British High Commissioner to Tonga
- In office February 2020 – September 2020
- Monarch: Elizabeth II
- Prime Minister: Theresa May Boris Johnson Liz Truss Rishi Sunak
- Preceded by: Independent office re-established replacing Melanie Hopkins as non-resident High Commissioner (Paul Nessling last resident High Commissioner in 2006)
- Succeeded by: Lucy Joyce

British Ambassador to Turkmenistan
- In office December 2016 – 2019
- Monarch: Elizabeth II
- Prime Minister: Theresa May Boris Johnson
- Preceded by: Sanjay Wadvani
- Succeeded by: Hugh Philpott

Personal details
- Born: 11 February 1955 (age 71) London
- Occupation: Diplomat

= Thorhilda Abbott-Watt =

British diplomat

Thorhilda Mary Vivia "Thorda" Abbott-Watt (born 11 February 1955) is an English diplomat who has represented the United Kingdom in a number of countries. From 2016 to 2019 she was British Ambassador to Turkmenistan.

==Career==
Abbott-Watt joined the Foreign and Commonwealth Office (FCO) in 1974 and has worked both in London and in a number of countries in South America, the Far East and Western and Eastern Europe. In 1989 she served in the FCO, negotiating the renunciation of Four Power Rights in Germany. From 2001 to 2002 she was Chargée d'Affaires, opening the first British Embassy in Dushanbe, Tajikistan.

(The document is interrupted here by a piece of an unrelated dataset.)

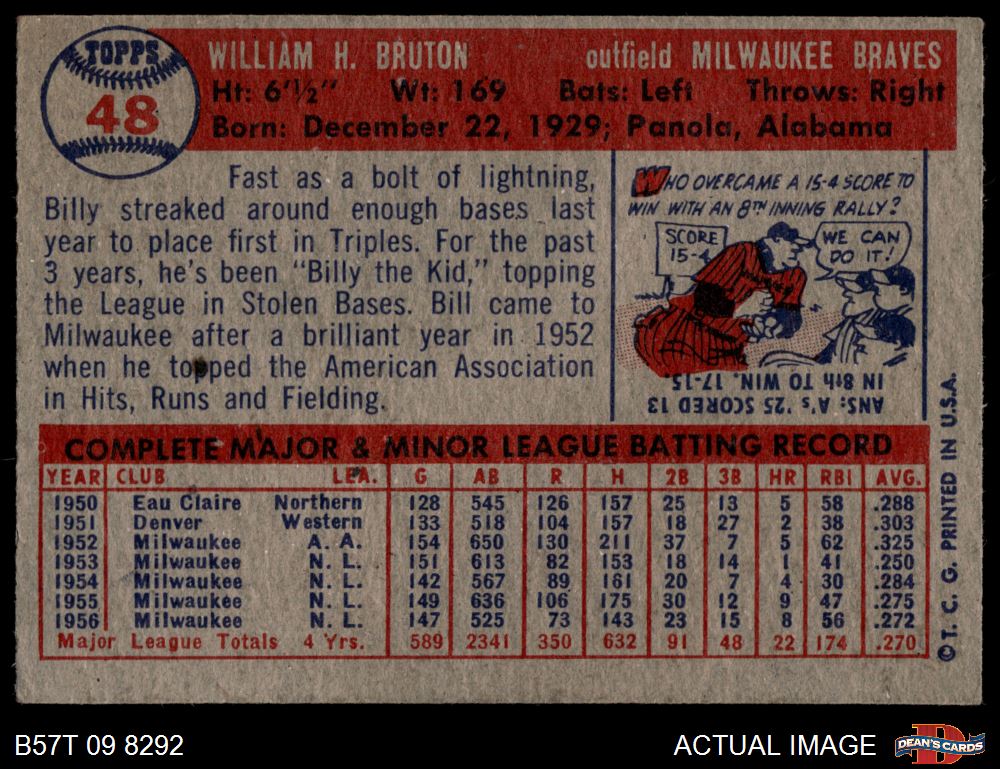 1957 Topps #48 Billy Bruton 2 - GOOD

In 2003 Abbott-Watt became Ambassador to Armenia, a role she held for two years. In 2004, questions were raised about her competency in a letter to Foreign and Commonwealth Secretary, Jack Straw by scholar Tessa Hofmann and the International Group on Genocide Recognition and Prevention, after she made a statement at a press conference on 20 January 2004 questioning the use of the term genocide for the Armenian genocide. Abbott-Watt said, "Great Britain accepts that the events of 1915 were mass killings [of the Armenian population] – the responsible for which are the Turks. I see no problem calling it brutality. It shouldn’t have taken place even in the course of war. But I do not think that recognizing the events as genocide would be of much use."

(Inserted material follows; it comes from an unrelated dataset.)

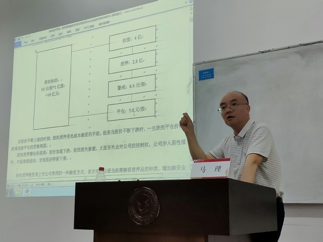 讲座伊始,马理教授首先简要介绍自身主要研究经历和聚焦“货币政策与宏观调控”研究领域的主要研究成果。紧接着,他以科研团队在研成果“股权质押融资业务风险与企业融资保障”为切入点,以案例交流的形式讲述了“如何选取研究主题”、“如何进行研究分析”、“如何凝练撰写研究成果”等方面的研究心得和体会。期间,他围绕这一主题与我院研究生分享其在研究范式、研究思路、实证方法选择等方面的思考和建议,在详细讲解后提出现阶段我国上市公司股权融资应以“降风险、稳增长”作为双目标的观点。

In 2006, Abbott-Watt worked briefly as Head of Political and Military Section in Kabul, then undertook an attachment to UK Trade & Investment as Head of Strategy and Innovation. She served as Ambassador to Mongolia from 2008 to 2009 and from 2010 to 2012. In May 2016, she was appointed Ambassador to Turkmenistan.

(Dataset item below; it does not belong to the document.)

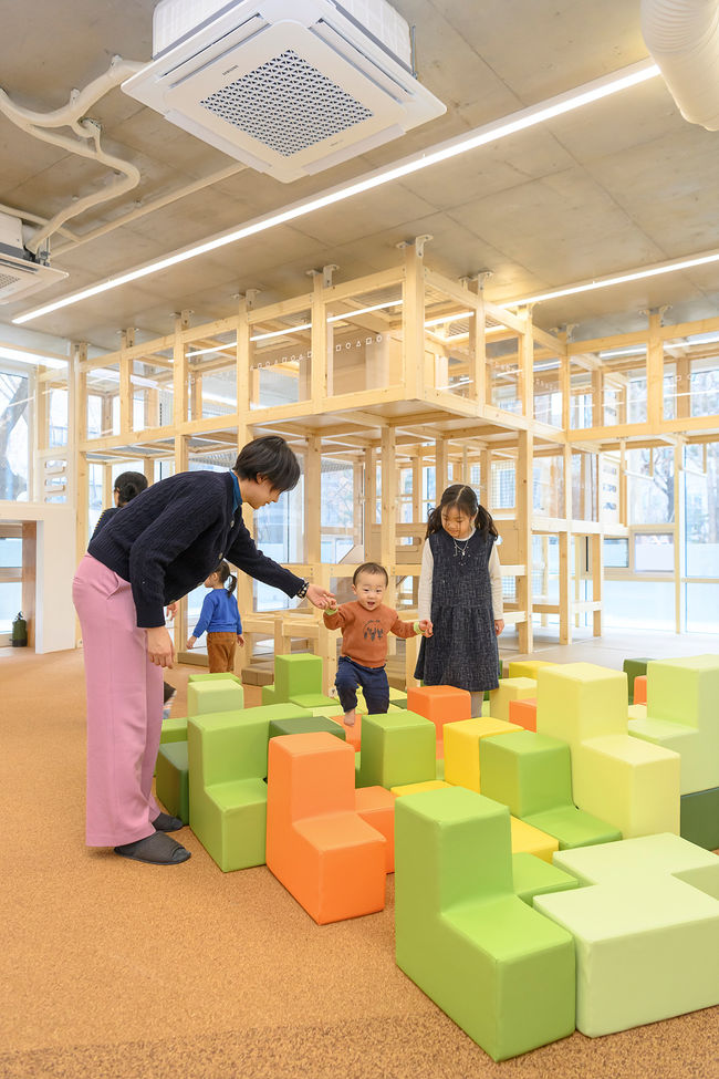 먼저 ‘지붕이 있는 바깥 놀이터’ 콘셉트의 ‘서울형 키즈카페 양천구 오목공원점’은 올해 2월에 개관한 이른바 ‘신상’ 놀이터다. 공원형 키즈카페인 ‘오목공원점’은 연면적 225.72㎡(실내 126.72㎡)로 조성됐으며, 숲에 둘러싸인 공원의 자연 환경과 어울리는 목재를 건축자재로 사용했다. 건물 벽체를 탁 트인 개방감을 주는 통유리로 마감하고, 전면부에는 접이식 문을 설치해 실내 놀이터와 데크를 하나의 공간으로 연결했다. 이를 통해 실내외 놀이공간을 모두 즐길 수 있는 새로운 형태의 키즈카페로도 각광받고 있다.

Abbott-Watt was appointed Officer of the Order of the British Empire (OBE) in the 2017 Birthday Honours. In 2020, she was appointed as the British High Commissioner to Tonga but had to leave that country after a short time on the onset of the COVID-19 pandemic. She worked for a time on repatriation of people who had been trapped overseas by COVID-related travel disruption, then retired after a 46-year career in the Foreign Office and then the Foreign Commonwealth and Development Office.

==Personal life==
Abbott-Watt is married to Reef Talbot Hogg. Her father was a soldier and diplomat. She was educated at Stonar School, Wiltshire.